“With your assistance, maybe we can make sure no one else gets hurt.”
In Jackie Chan films, a lot of people get hurt. At least, so I understood. Until now, I’d never seen a Jackie Chan film, but I gathered I should expect lots of action, a good dose of humour, and a plot that perhaps stretches credibility just a bit. How does The Accidental Spy (original title Te Wu Mi Cheng) measure up to that yardstick? Well there’s certainly plenty of action and it manages to incorporate elevators, escalators, construction cranes, boats, cars, trucks, and planes in one fashion or another. (What? No trains? Well, there was a train station.) The action is generally well choreographed, if rather derivative. The climactic sequence is simply a variation on the bus sequences in Speed. On the other hand, a whole dock area manages to get destroyed in another sequence and that actually looked pretty cool. As to humour, I can’t say there was much of that. This film seems to want to take itself fairly seriously; there’s no great suggestion of tongue in cheek. Any humour there is arises from how several of the action sequences are set up. For instance, our hero is attacked in a Turkish bath and escaping into a market area, has to fight off his assailants in the nude. The inventive ways he manages to cover his vital areas in the process of doing so is fascinating and amusing at the same time. Then we come to the plot.
Well, that more than lives up to expectations. Not only does it stretch credibility, it’s pretty well impossible to figure out what’s going on and who’s on what side. There’s something about a super grade of opium, Jackie’s long-lost father who somehow stole it, bad guys in Turkey, undercover agents, and the CIA. Jackie manages to get involved because of his father and ends up traveling from Hong Kong to Korea to Turkey, with trouble at every stop. The best thing about all this is the use of Turkey as the main location. This is a welcome change from the usual New York, London, or other major European centres that always crop up in action films. Of course, it would help the plot a little if we weren’t continuously distracted by a terrible English dubbing job. Let’s have these films released in the original language with good subtitles instead of these poor after-thought dubbing efforts. Filmgoers can still read even if their attention spans seem to have deteriorated nowadays.

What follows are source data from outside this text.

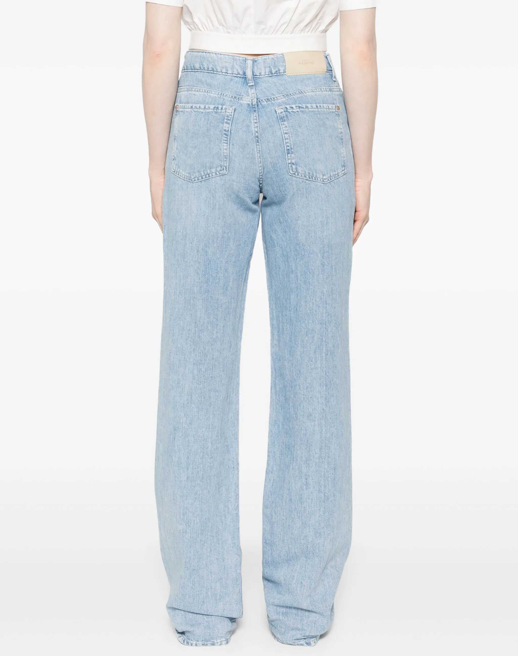The Tess Jeans by 7For are a straight fit, featuring a front zipper and button closure for a comfortable and secure fit. The five-pocket design and belt loops at the waist add practicality and functionality. The appliquéd logo patch on the back completes the look with a distinctive touch, making these jeans a versatile and modern garment for any casual occasion.
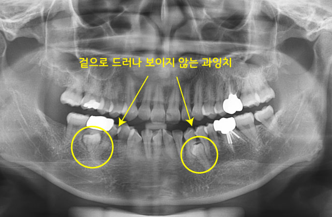 사진을 보면 아래에 보이지 않는 과잉치가 숨어있는 것을 볼 수 있어요. 모든 과잉치가 해당되는 것아는 니며 과잉치의 위치와 크기, 주변 치아와의 관계를 충분히 살펴본 후에 치과 전문의의 소견에 따라 치아교정을 시행해볼 수 있는데요. 잇몸 속이나 턱뼈 속에 숨어있어 눈에 띄지 않는 과잉치들이 많으니 이런 경우에는 엑스레이나 CT 촬영을 통해 확인해볼 수 있어요.
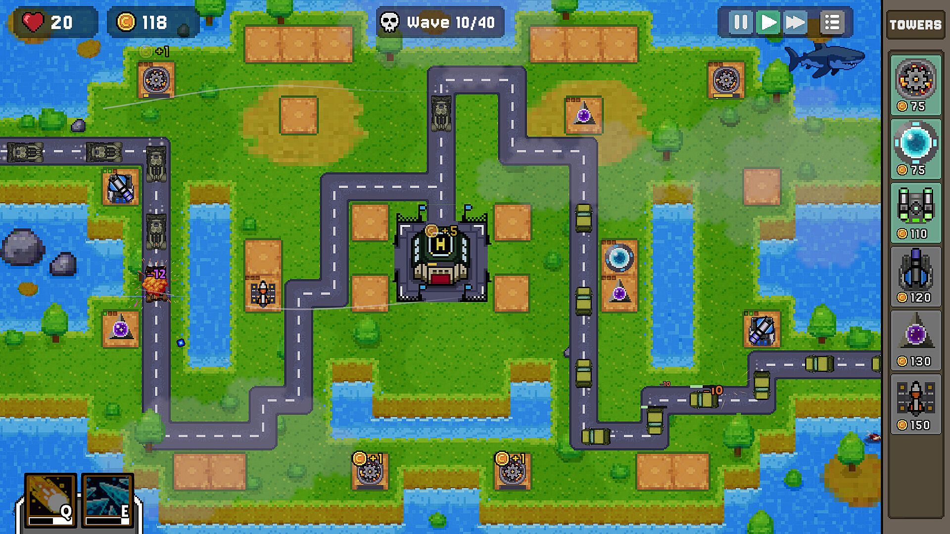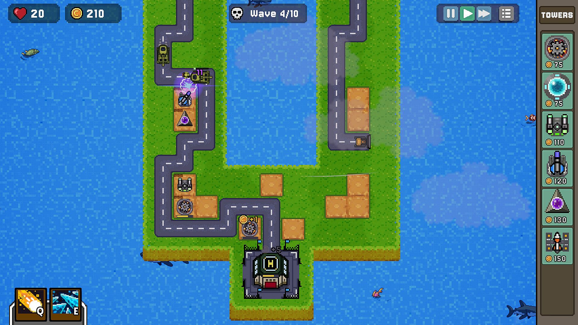 Eight different towers to place, each with their own roles, including simple damage dealers, resource generation and crowd control.
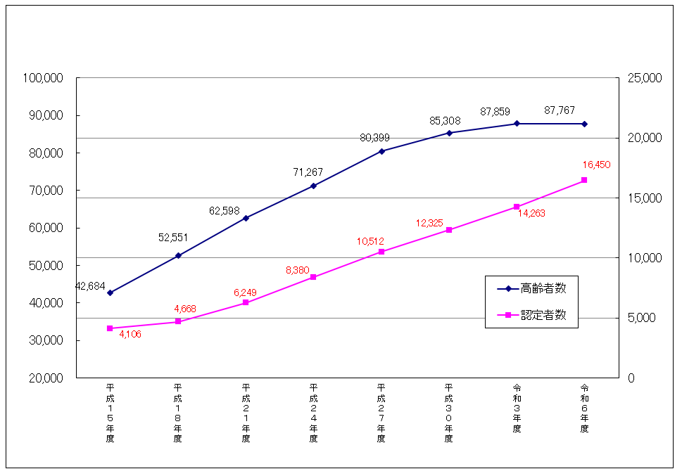 越谷市の高齢者数(65歳以上)と要介護認定者数の推移
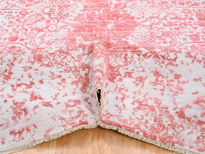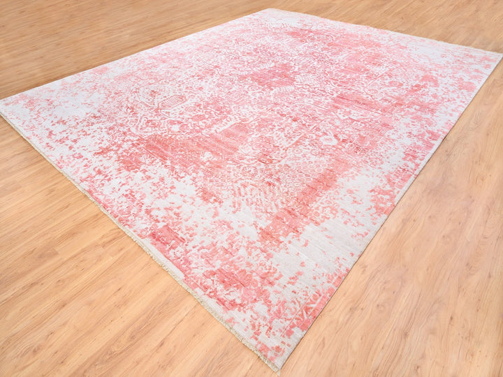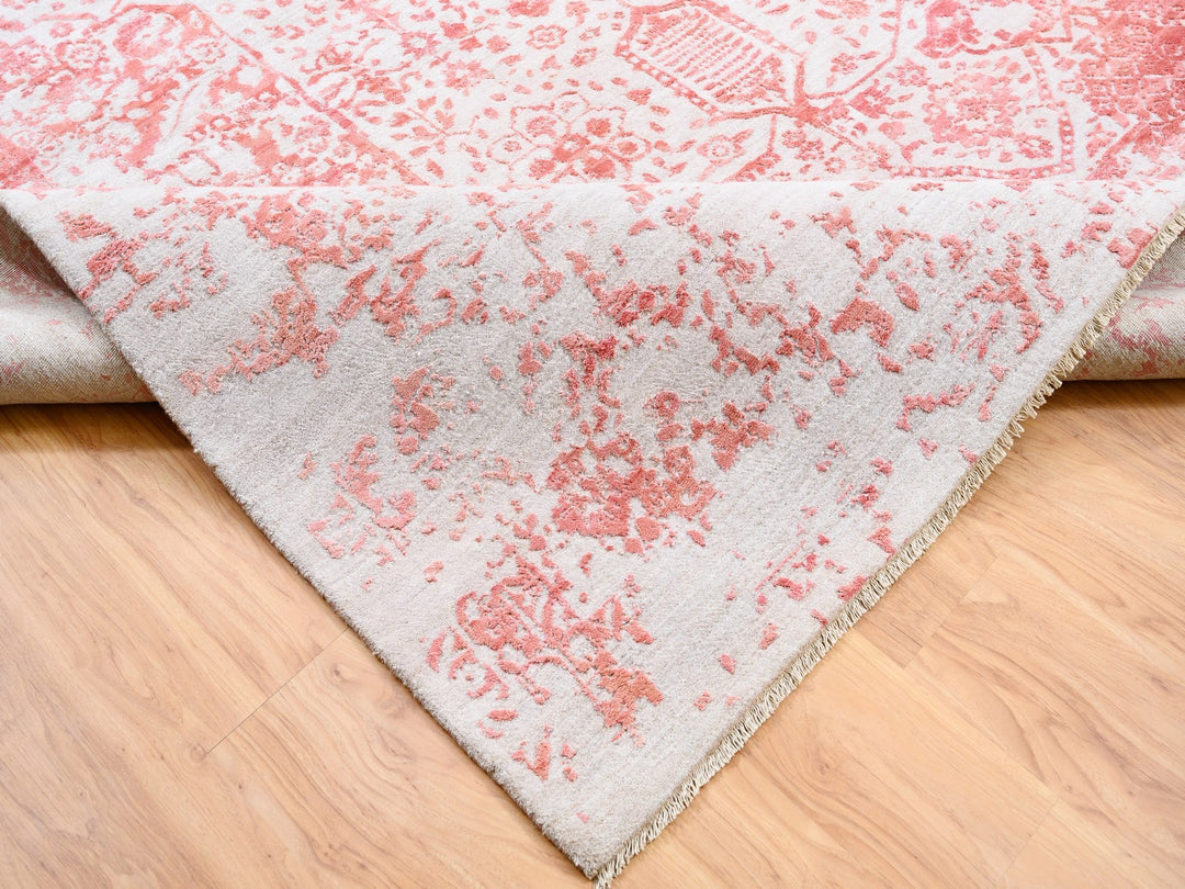 12'2" x 15'0" New Hand Knotted Pink Wool & Pure Silk Rectangle Oriental Rug - MOA10262356

Jackie Chan still looks pretty limber for a 47-year old and he makes the action sequences look exciting. On the other hand, he’s no great actor, but then he isn’t really expected to be, although there are a couple of scenes with a young woman in which he tries to look contemplative. Mind you, compared to a few of the supporting players, Jackie’s a thespian of prodigious talent. The thing here is that, as with all of his films, Jackie’s enthusiasm and personality and action capabilities carry the film and that’s what his fans want to see most of all.
The Accidental Spy is now available on DVD from Dimension Home Video, distributed by Buena Vista, in a 2.35:1 anamorphic transfer. The transfer actually looks very good. It’s crisp and clear with accurate if not super-vibrant colours and has apparently been struck from very clean source material. Too bad then that Dimension decided to excise about 20 minutes from the original running time (contributing of course to the murkiness of the plot). A Dolby Digital 5.1 Surround audio mix is provided which is fairly aggressive in the action sequences with good directional effects but not overly strong LFE. Dimension, however, apparently figured it could improve on the original soundtrack by substituting a new, entirely-forgettable score. That plus the terrible dubbing job negates any positives that the audio would otherwise impart to this release. Supplementary material is minimal and includes merely promotional trailers for other Dimension releases.
As it stands, The Accidental Spy is at best a passable action time-waster. Dimension hasn’t helped its stock any by mangling the original film. This DVD release is not recommended.